Het Verdrag van Parijs werd op 10 februari 1763 ondertekend en loste problemen op tussen Groot-Brittannië, Spanje en Frankrijk, waardoor de laatste, voormalige grootste macht in Europa, werd vernederd. Groot-Brittannië gaf Havana terug aan Spanje, maar ontving in ruil daarvoor Florida. Frankrijk compenseerde Spanje door haar Louisiana te geven, terwijl Engeland alle Franse landen in Noord-Amerika ten oosten van de Mississippi kreeg behalve New Orleans. Groot-Brittannië verwierf ook veel van West-Indië, Senegal, Minorca en land in India. Andere bezittingen veranderden van hand en Hanover werd beveiligd voor de Britten. Op 10 februari 1763 bevestigde het Verdrag van Hubertusburg tussen Pruisen en Oostenrijk de status quo: Pruisen behield Silezië en verzekerde zijn claim op 'grote macht', terwijl Oostenrijk Saksen behield. Zoals historicus Fred Anderson opmerkte, waren miljoenen uitgegeven en waren tienduizenden gestorven, maar er was niets veranderd.

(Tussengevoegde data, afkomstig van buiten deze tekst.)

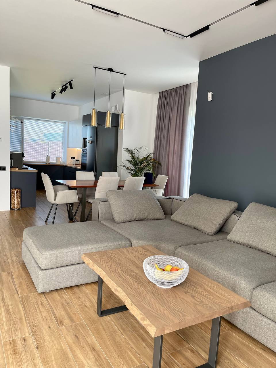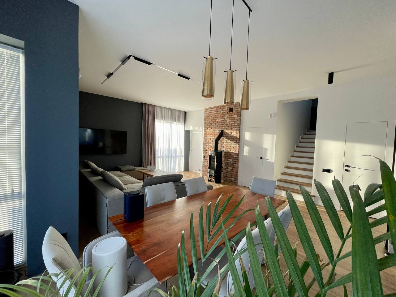 Первый этаж дома: гостиная с большим и функциональным диваном O’PRIME , камин SUPRA ( Франция ), кабинет &спортзал, подсобное помещение, котельная, обеденная зона ( стол из натурального массива) , кухня сделана на заказ , вся техника фирмы BOSCH.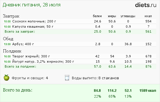 У меня был разгруз. Завтрак, ланч, обед и ужин был молокочай.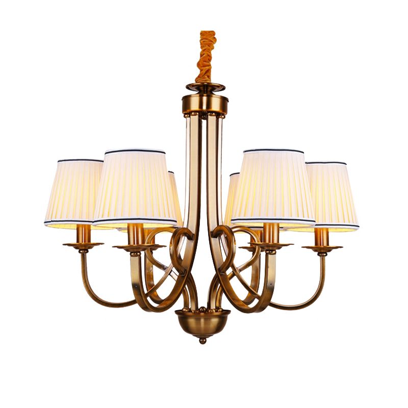 Tapered Fabric Chandelier Light Rustic 6/8 Light Dining Room Ceiling Light Fixture in Gold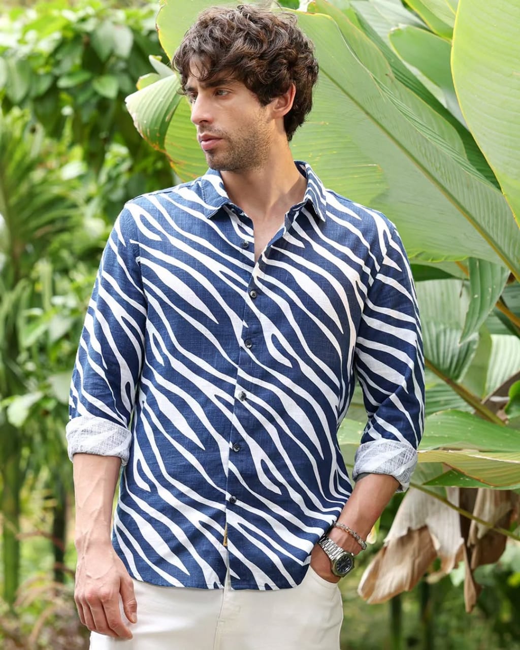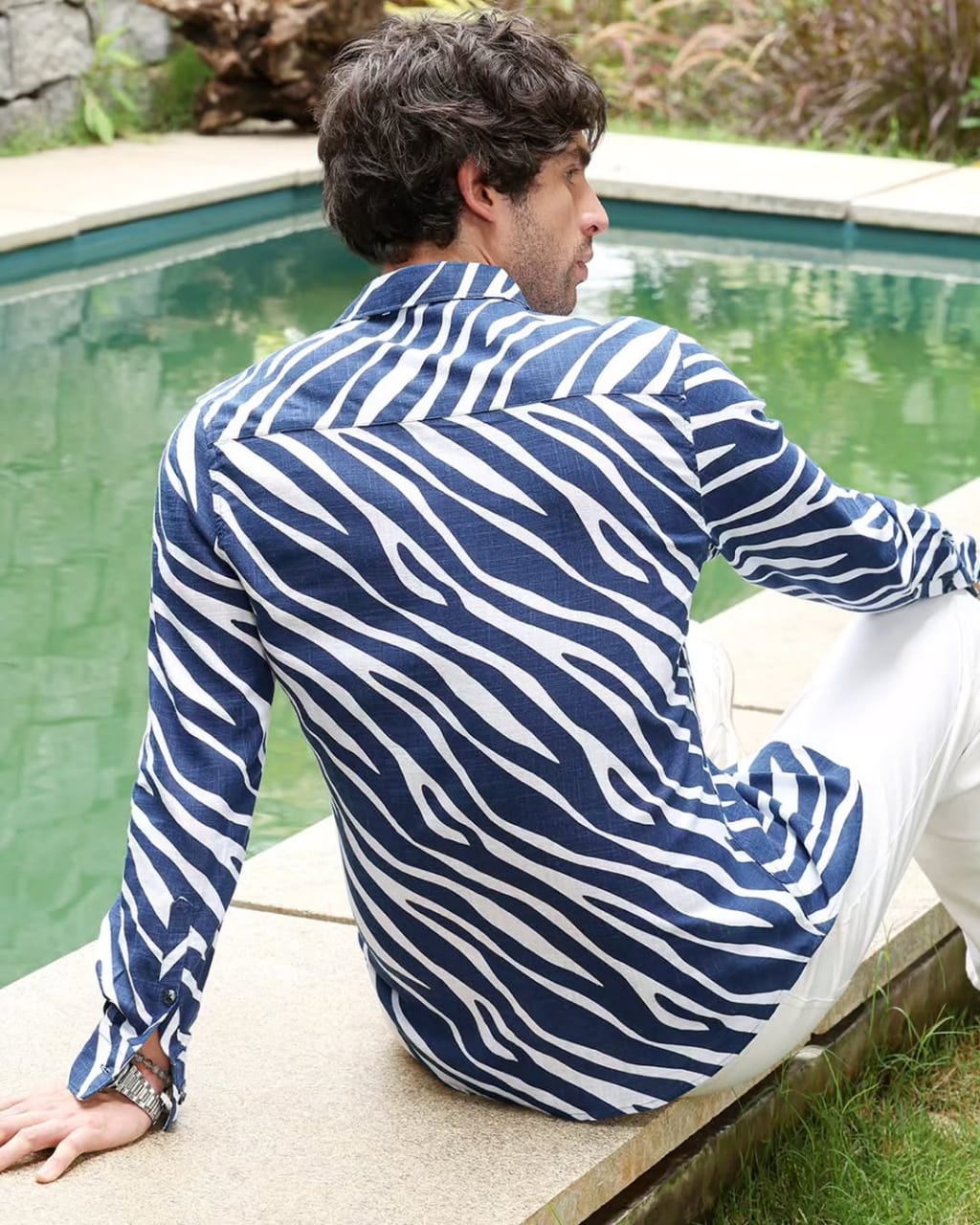 Be the first to review “Bold Blue & White Zebra Print Casual Shirt”

Groot-Brittannië bleef achter als de dominante wereldmacht, zij het diep in de schulden, en de kosten hadden nieuwe problemen geïntroduceerd in de relatie met zijn kolonisten - de situatie zou de Amerikaanse revolutieoorlog veroorzaken, een ander wereldwijd conflict dat zou eindigen in een Britse nederlaag . Frankrijk was op weg naar economische rampspoed en revolutie. Pruisen had 10% van zijn bevolking verloren, maar cruciaal voor de reputatie van Frederick, had het de alliantie van Oostenrijk, Rusland en Frankrijk overleefd die het had willen verminderen of vernietigen, hoewel veel historici beweren dat Frederick hiervoor te veel krediet krijgt omdat externe factoren dit toelieten het.
Hervormingen volgden in veel van de regering en het leger van de oorlogvoerende partijen, met Oostenrijkse vrees dat Europa op weg zou zijn naar een rampzalig militarisme. Het falen van Oostenrijk om Pruisen terug te brengen tot tweederangs macht, veroordeelde het tot een concurrentie tussen de twee voor de toekomst van Duitsland, wat Rusland en Frankrijk ten goede kwam en leidde tot een Pruisisch gecentreerd Duitsland-rijk. De oorlog zag ook een verschuiving in het evenwicht van diplomatie, waarbij Spanje en Nederland minder belangrijk werden, vervangen door twee nieuwe Grootmachten: Pruisen en Rusland. Saksen was verwoest.